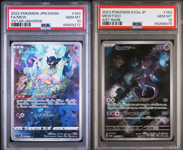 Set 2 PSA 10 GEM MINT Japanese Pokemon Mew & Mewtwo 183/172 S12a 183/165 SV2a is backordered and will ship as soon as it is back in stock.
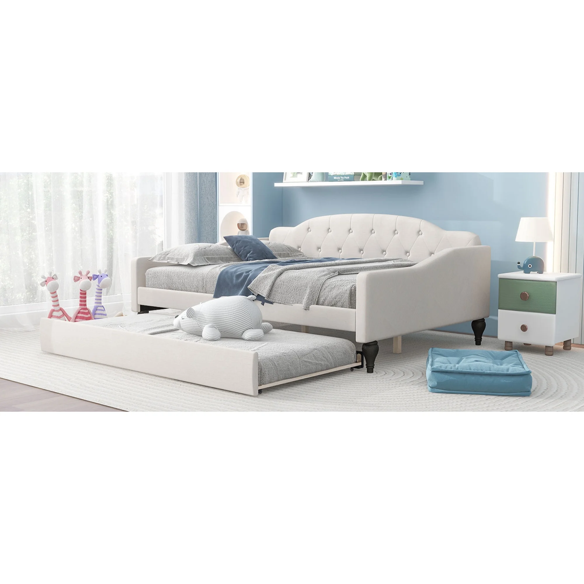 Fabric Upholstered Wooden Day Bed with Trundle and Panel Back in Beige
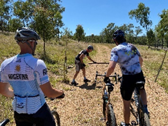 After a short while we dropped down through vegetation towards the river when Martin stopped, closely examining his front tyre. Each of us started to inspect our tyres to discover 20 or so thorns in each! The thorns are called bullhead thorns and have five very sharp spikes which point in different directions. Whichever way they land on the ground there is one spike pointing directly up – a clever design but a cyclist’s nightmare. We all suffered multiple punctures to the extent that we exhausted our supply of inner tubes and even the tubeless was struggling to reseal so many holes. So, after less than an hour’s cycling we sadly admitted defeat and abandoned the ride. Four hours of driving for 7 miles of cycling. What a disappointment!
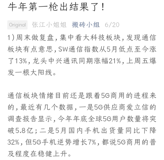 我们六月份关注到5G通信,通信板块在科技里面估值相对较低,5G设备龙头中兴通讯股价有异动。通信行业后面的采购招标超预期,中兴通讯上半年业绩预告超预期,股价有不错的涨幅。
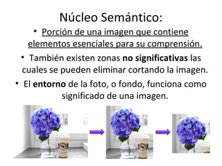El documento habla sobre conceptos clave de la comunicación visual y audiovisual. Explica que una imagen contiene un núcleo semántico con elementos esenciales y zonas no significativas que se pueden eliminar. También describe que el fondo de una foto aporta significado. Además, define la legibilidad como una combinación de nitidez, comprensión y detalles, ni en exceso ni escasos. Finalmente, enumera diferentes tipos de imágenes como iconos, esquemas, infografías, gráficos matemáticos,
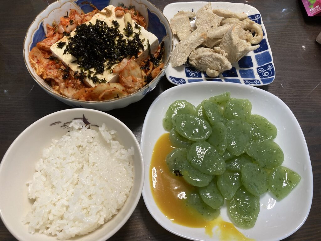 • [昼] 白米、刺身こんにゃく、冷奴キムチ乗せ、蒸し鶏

═══

What is required
Any picture in the material is to be dropped; the rest is repeated exactly.

Answer for the task
 Set 2 PSA 10 GEM MINT Japanese Pokemon Mew & Mewtwo 183/172 S12a 183/165 SV2a is backordered and will ship as soon as it is back in stock.
 Fabric Upholstered Wooden Day Bed with Trundle and Panel Back in Beige
 After a short while we dropped down through vegetation towards the river when Martin stopped, closely examining his front tyre. Each of us started to inspect our tyres to discover 20 or so thorns in each! The thorns are called bullhead thorns and have five very sharp spikes which point in different directions. Whichever way they land on the ground there is one spike pointing directly up – a clever design but a cyclist’s nightmare. We all suffered multiple punctures to the extent that we exhausted our supply of inner tubes and even the tubeless was struggling to reseal so many holes. So, after less than an hour’s cycling we sadly admitted defeat and abandoned the ride. Four hours of driving for 7 miles of cycling. What a disappointment!
 我们六月份关注到5G通信,通信板块在科技里面估值相对较低,5G设备龙头中兴通讯股价有异动。通信行业后面的采购招标超预期,中兴通讯上半年业绩预告超预期,股价有不错的涨幅。
El documento habla sobre conceptos clave de la comunicación visual y audiovisual. Explica que una imagen contiene un núcleo semántico con elementos esenciales y zonas no significativas que se pueden eliminar. También describe que el fondo de una foto aporta significado. Además, define la legibilidad como una combinación de nitidez, comprensión y detalles, ni en exceso ni escasos. Finalmente, enumera diferentes tipos de imágenes como iconos, esquemas, infografías, gráficos matemáticos,
 • [昼] 白米、刺身こんにゃく、冷奴キムチ乗せ、蒸し鶏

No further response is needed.